- Data provided -
________

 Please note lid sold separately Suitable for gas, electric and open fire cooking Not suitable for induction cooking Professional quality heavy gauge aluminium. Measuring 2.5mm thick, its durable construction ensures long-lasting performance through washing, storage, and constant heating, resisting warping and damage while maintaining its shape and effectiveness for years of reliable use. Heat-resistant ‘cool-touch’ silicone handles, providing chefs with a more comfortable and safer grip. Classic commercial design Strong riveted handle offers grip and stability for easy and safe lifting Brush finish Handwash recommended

________

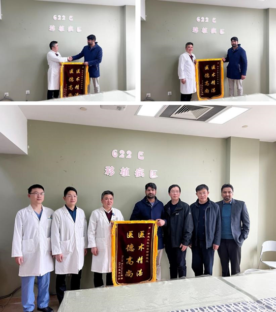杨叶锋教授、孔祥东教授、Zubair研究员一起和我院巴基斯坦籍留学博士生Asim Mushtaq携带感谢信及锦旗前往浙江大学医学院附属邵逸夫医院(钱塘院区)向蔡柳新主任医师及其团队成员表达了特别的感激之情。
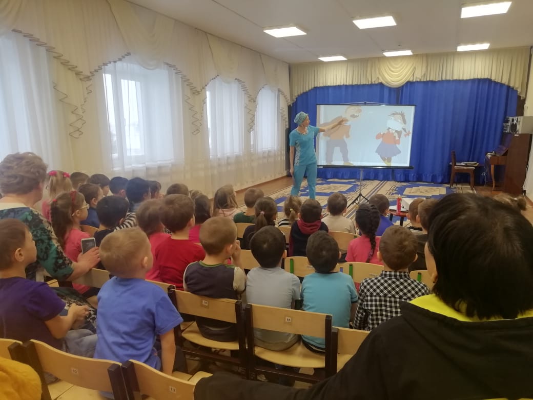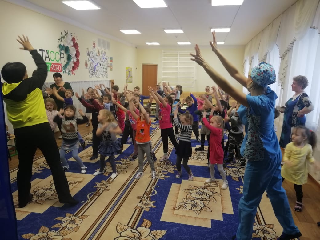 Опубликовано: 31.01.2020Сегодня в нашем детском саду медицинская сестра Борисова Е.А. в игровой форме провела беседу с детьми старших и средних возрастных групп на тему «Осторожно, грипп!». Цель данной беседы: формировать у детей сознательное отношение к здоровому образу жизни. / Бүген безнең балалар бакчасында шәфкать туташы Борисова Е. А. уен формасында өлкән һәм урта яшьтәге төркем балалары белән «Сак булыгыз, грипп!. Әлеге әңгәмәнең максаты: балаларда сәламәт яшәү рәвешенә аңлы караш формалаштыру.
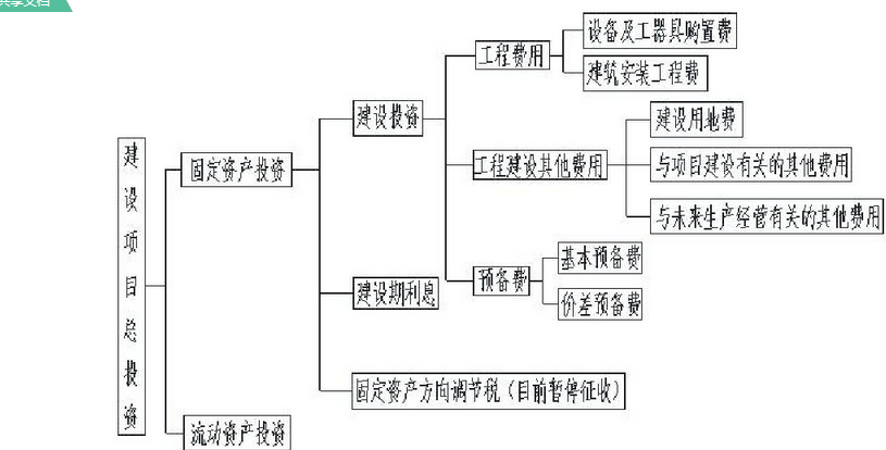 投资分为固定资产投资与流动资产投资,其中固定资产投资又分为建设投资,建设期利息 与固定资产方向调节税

________

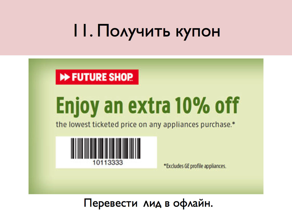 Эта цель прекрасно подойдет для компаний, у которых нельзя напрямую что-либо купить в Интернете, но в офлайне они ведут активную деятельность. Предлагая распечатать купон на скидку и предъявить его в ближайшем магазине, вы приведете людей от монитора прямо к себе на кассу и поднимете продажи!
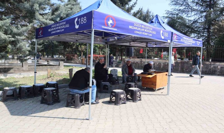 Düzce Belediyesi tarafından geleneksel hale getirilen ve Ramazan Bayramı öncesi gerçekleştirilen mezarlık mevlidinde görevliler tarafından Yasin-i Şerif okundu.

________

- Activity -
Print exactly the lines above that run from the one with "Опубликовано: 31.01.2020Сегодня в" to the one with "投资分为固定资产投资与流动资", both included. No pictures.

- Response -
 Опубликовано: 31.01.2020Сегодня в нашем детском саду медицинская сестра Борисова Е.А. в игровой форме провела беседу с детьми старших и средних возрастных групп на тему «Осторожно, грипп!». Цель данной беседы: формировать у детей сознательное отношение к здоровому образу жизни. / Бүген безнең балалар бакчасында шәфкать туташы Борисова Е. А. уен формасында өлкән һәм урта яшьтәге төркем балалары белән «Сак булыгыз, грипп!. Әлеге әңгәмәнең максаты: балаларда сәламәт яшәү рәвешенә аңлы караш формалаштыру.
 投资分为固定资产投资与流动资产投资,其中固定资产投资又分为建设投资,建设期利息 与固定资产方向调节税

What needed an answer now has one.